What the exercise asks: I would like the lines below, from the one with "Ich bin jedenfalls" through the one with "河北徐水2016—2017学年第一学期高三月考二理综试题及答案(4)", copied exactly and without any pictures.

Material provided:
□ □ □

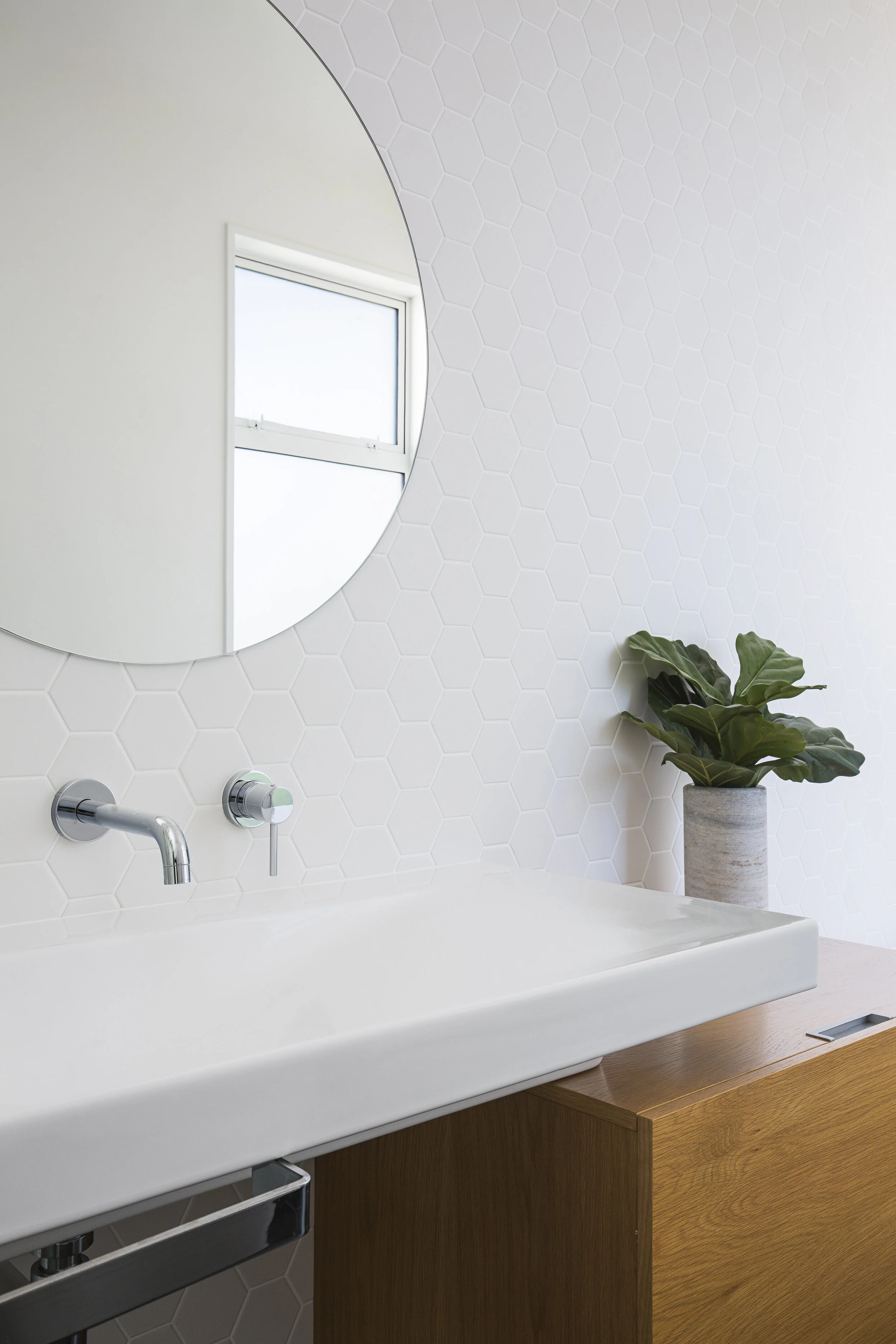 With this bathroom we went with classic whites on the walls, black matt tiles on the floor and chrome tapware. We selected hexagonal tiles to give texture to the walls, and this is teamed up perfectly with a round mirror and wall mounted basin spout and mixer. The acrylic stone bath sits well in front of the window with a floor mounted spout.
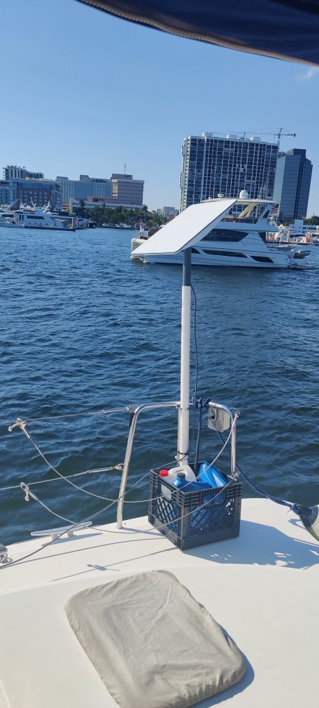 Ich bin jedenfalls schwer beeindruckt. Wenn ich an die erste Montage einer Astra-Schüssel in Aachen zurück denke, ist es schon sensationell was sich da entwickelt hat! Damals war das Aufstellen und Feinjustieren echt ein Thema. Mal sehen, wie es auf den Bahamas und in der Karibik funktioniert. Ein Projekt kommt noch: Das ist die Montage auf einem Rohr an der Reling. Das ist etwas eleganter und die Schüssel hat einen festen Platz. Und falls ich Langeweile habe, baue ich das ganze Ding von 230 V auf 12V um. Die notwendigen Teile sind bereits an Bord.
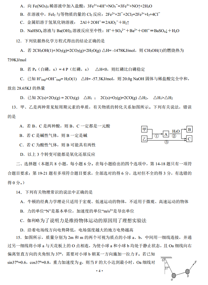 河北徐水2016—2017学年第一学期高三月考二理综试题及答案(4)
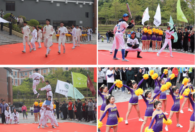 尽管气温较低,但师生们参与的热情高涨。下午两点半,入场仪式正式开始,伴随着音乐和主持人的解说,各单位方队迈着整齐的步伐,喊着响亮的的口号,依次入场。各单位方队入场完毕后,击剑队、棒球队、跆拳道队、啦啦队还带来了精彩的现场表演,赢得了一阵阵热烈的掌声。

□ □ □

Answer space:
 Ich bin jedenfalls schwer beeindruckt. Wenn ich an die erste Montage einer Astra-Schüssel in Aachen zurück denke, ist es schon sensationell was sich da entwickelt hat! Damals war das Aufstellen und Feinjustieren echt ein Thema. Mal sehen, wie es auf den Bahamas und in der Karibik funktioniert. Ein Projekt kommt noch: Das ist die Montage auf einem Rohr an der Reling. Das ist etwas eleganter und die Schüssel hat einen festen Platz. Und falls ich Langeweile habe, baue ich das ganze Ding von 230 V auf 12V um. Die notwendigen Teile sind bereits an Bord.
 河北徐水2016—2017学年第一学期高三月考二理综试题及答案(4)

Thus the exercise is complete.